It was not the sort of place that Ronald Weasley would usually go to, so Hermione had accepted his invitation to lunch there – on him – with trepidation. It was probably nothing more than trying to cheer her up about not getting her promotion, she thought, though she wondered how he could afford it. Good old Ron.

Initially she'd been disappointed. It wasn't plush or ritzy, there were no chandeliers or velvet chairs or ornate silver cutlery. It was shabby, and gloomy, and she'd nearly stumbled past Ron before the waiter had gently steered her towards her chair.

"Hello," Ron said. "Glad you could make it."

"I couldn't miss a chance like this," she replied.

The waiter deftly inserted menus between them and faded away into obscurity before they could say anything to him.

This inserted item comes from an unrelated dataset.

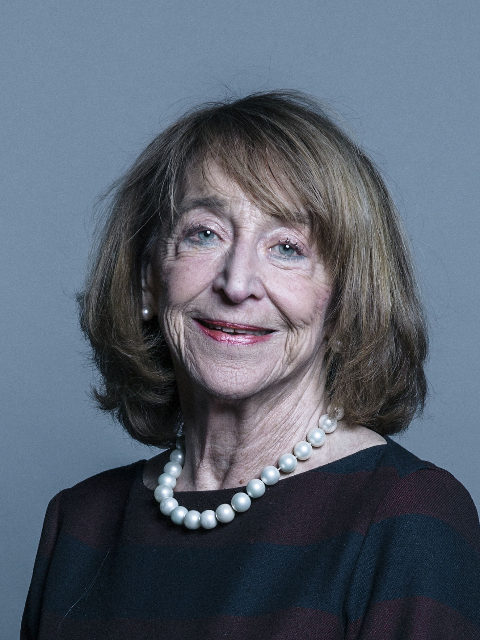 Official portrait of Baroness Pitkeathley

The menu was heavy cream parchment, with a thin river of ornate text snaking its way down the page. There were no prices on Hermione's menu – an old fashioned touch that would usually have triggered a ten minute diatribe on the rights of the Modern Witch but just made Hermione worry about where the money was coming from to pay for this.

"Ron," Hermione muttered. "How much do you think everything is?"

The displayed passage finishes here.